Limitations & Future Work¶
- Limitations Acknowledged by Authors: Large gap between simulation and real-world deployment; public gossip may cause privacy, echo-chamber, and malicious defamation issues; ALIGN still faces cooperation collapse and dishonest reporting on weak reasoning models (Appendix D.9).
- Identified Limitations: (1) Temperature 0 and only 5 seeds limit statistical power; (2) No evaluation of "prompt injection attacks"—if an attacker injects instructions into gossip, it is unknown if cross-validation holds; (3) The relationship between gossip log length and LLM context window is not discussed; log explosion in long-term communities is an open problem.
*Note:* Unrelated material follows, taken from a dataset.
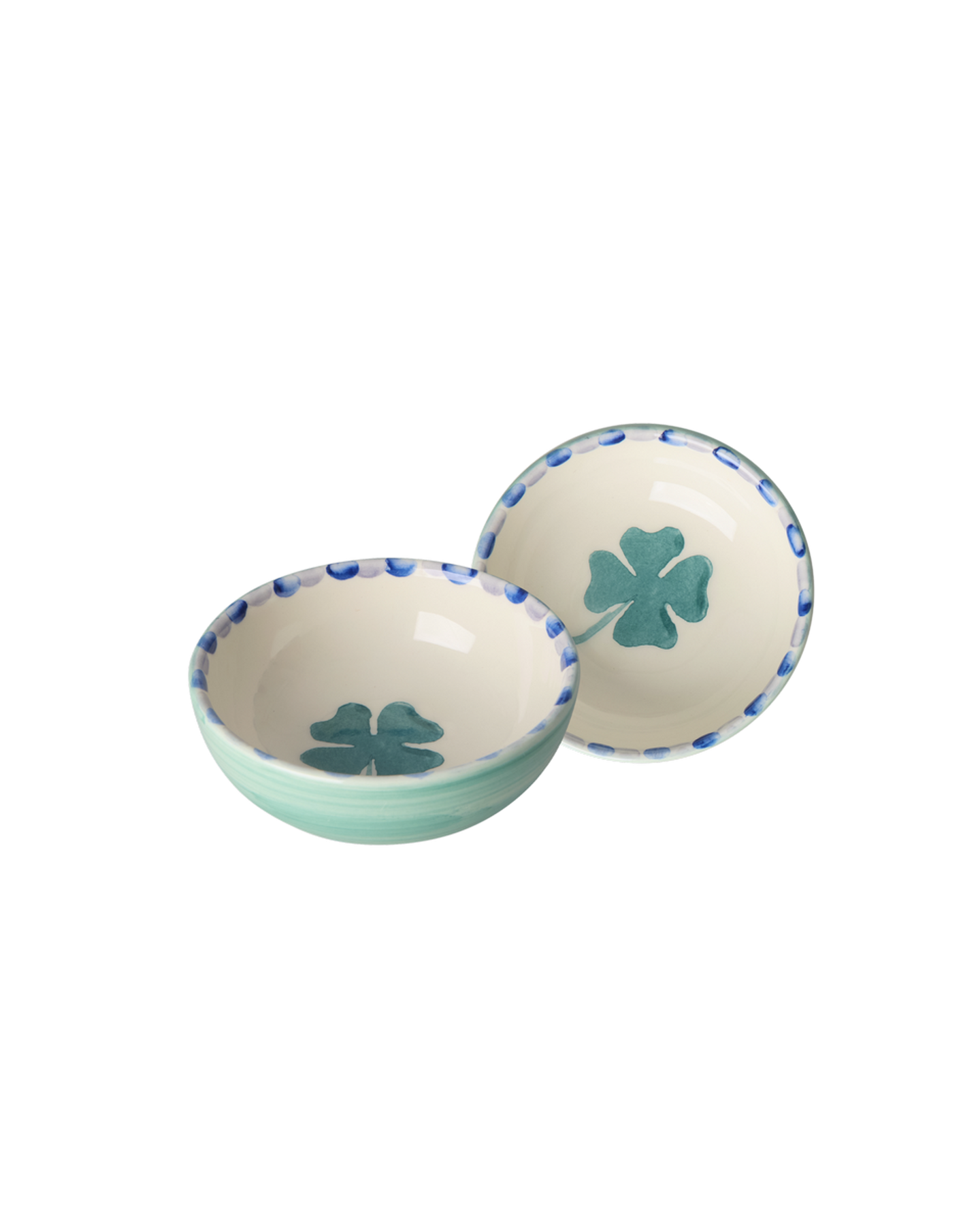 Get lucky with this lovely, dipping bowl featuring a four-leaved clover, a dotted rim and a cute green color on the outside. It is hand-painted in Portugal by a group of amazing women, ensuring that each bowl bears the brush strokes of the hand that painted it. Each individual bowl is therefore completely unique, and we find it so charming!
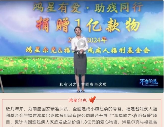 除此之外,鴻星爾克過(guò)往在公益捐贈(zèng)上投入的“量”也需要引起注意。從數(shù)額上看,鴻星爾克捐贈(zèng)動(dòng)輒投入500萬(wàn)、2000萬(wàn),去年讓鴻星爾克爆火出圈的那次更是捐出了5000萬(wàn)。最近這次一億捐贈(zèng)項(xiàng)目的被捐贈(zèng)方福建省殘疾人福利基金會(huì),還在官微透露出鴻星爾克此前已經(jīng)在其慈善項(xiàng)目中提供了價(jià)值1.8億元的物資。

- Future Directions: Expand gossip tones into continuous scalars; introduce "gossip about gossip" (meta-gossip) to evaluate broadcasters; use RL to fine-tune a specialized gossip module to see if weak models can reach the equilibrium selection ability of strong ones.
Related Work & Insights¶
- vs. Ren et al. (2025): They inject altruistic agents as cooperation seeds; Ours insists on full self-interest, closer to "unsupervised" emergence.
- vs. Vallinder & Hughes (2024): They assume centralized perfect history visibility; Ours strictly allows only imperfect public monitoring, fitting decentralized networks better.
- vs. Classical Leading-Eight Norms (Ohtsuki & Iwasa, 2006): Classical work uses static rules; Ours uses LLMs to adaptively generate and spread norms via natural language, generalizing across matrix games, investment, and e-commerce.
- vs. Generative Agents (Park et al., 2023): Park et al. simulate community behavior without studying game equilibria; Ours links sociological emergence with game-theoretic propositions.
Rating¶
- Novelty: ⭐⭐⭐⭐⭐ Introduces hierarchical tone gossip into LLM multi-agent games, systematically verifying the feasibility of "fully self-interested LLM + imperfect public monitoring → indirect reciprocity."
- Experimental Thoroughness: ⭐⭐⭐⭐ 8 LLMs × 4 testbeds + adversarial/lying resilience + ablations, though 5 seeds per group leaves statistical robustness slightly weak.
- Writing Quality: ⭐⭐⭐⭐ Strong clarity in mapping theoretical propositions to empirical results; good appendix organization; occasionally unintuitive layout of formulas and charts in the main text.
- Value: ⭐⭐⭐⭐⭐ Provides a reusable empirical + theoretical baseline for "how to maintain social welfare in decentralized LLM ecosystems," with direct guidance for AI safety and multi-agent system design.